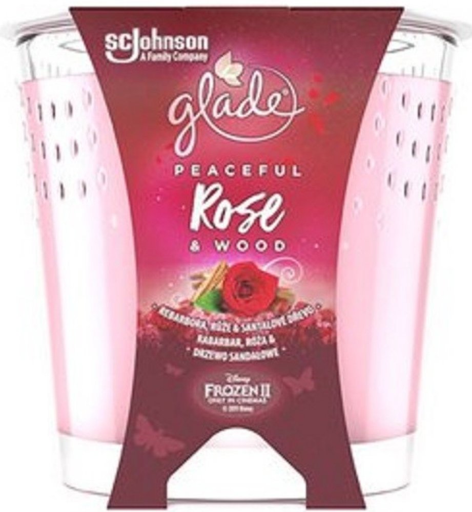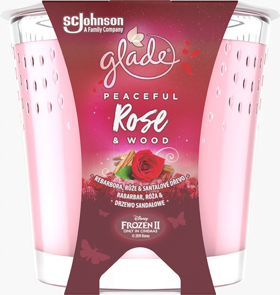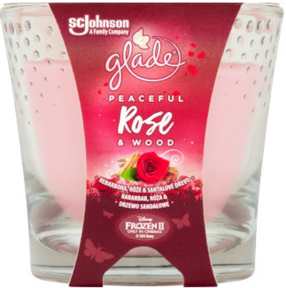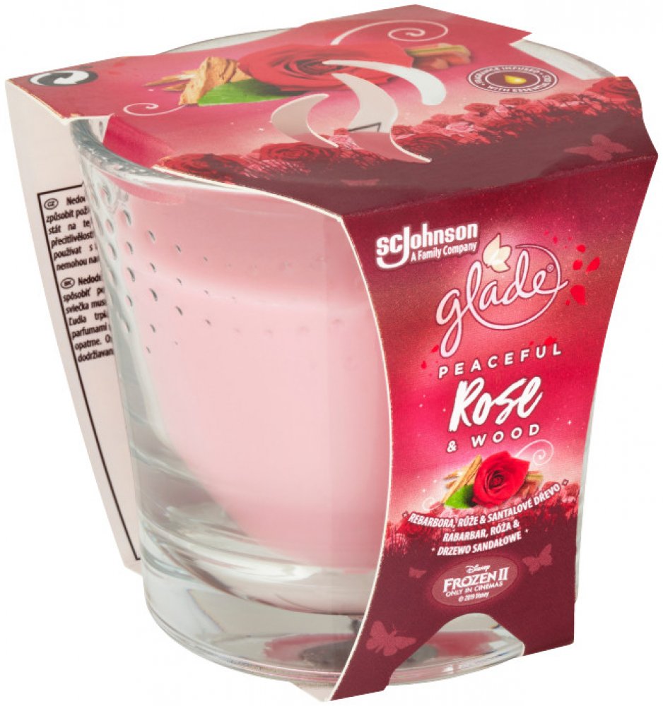 Glade® Candle - Peaceful Rose & Wood - rebarbora, růže & santalové dřevo, parfémovaná svíčka
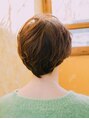 トップが長めのショートボブです。万能ショートボブです!!カラーは落ち着いたブラウンカラーに細くハイライトが入っています。パーマをかけるとスタイリングが楽になりますよ!
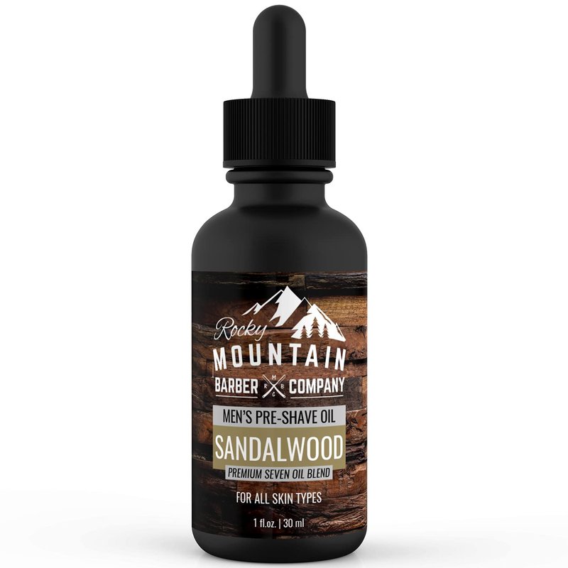 Pre-Shave Oil – with Sandalwood Essential Oil, Jojoba Oil and Argan Oil - Seven Oil Blend for a Smooth Shave by Rocky Mountain Barber Company – 1 floz
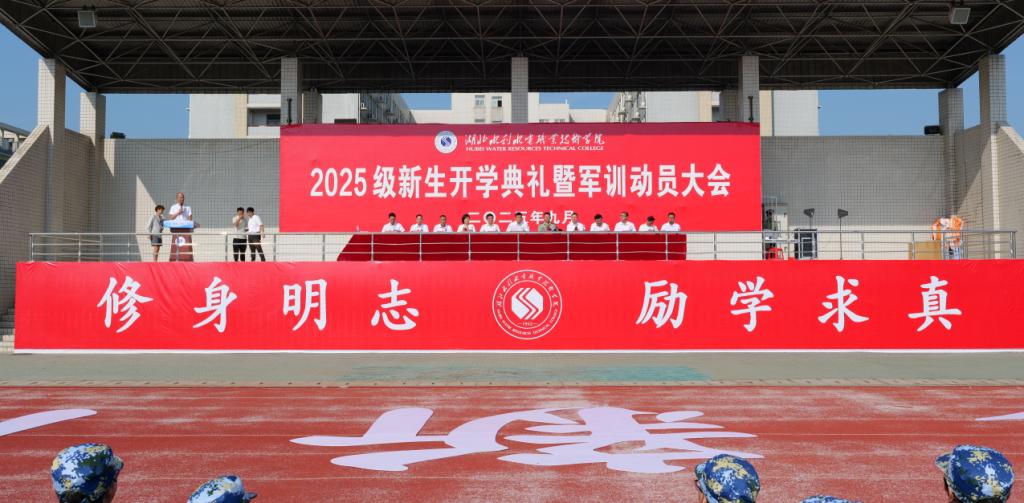 大会在激昂庄重的国歌声中拉开序幕,主席台领导为2025级新生代表佩戴校徽,寄托学院对新生矢志报国、砥砺奋进的殷切期盼。全体师生迎接校旗入场,迎风高扬的不仅是旗帜,更是一代代水院人筚路蓝缕、矢志不渝的精神血脉。迎旗仪式后,全体新生进行了庄严宣誓。

» **WHAT YOU NEED TO DO**:
Write out the lines of the material from the one containing "Pre-Shave Oil –" through the last, exactly and only those. Leave every picture out.

» **EXERCISE SOLUTION**:
 Pre-Shave Oil – with Sandalwood Essential Oil, Jojoba Oil and Argan Oil - Seven Oil Blend for a Smooth Shave by Rocky Mountain Barber Company – 1 floz
 大会在激昂庄重的国歌声中拉开序幕,主席台领导为2025级新生代表佩戴校徽,寄托学院对新生矢志报国、砥砺奋进的殷切期盼。全体师生迎接校旗入场,迎风高扬的不仅是旗帜,更是一代代水院人筚路蓝缕、矢志不渝的精神血脉。迎旗仪式后,全体新生进行了庄严宣誓。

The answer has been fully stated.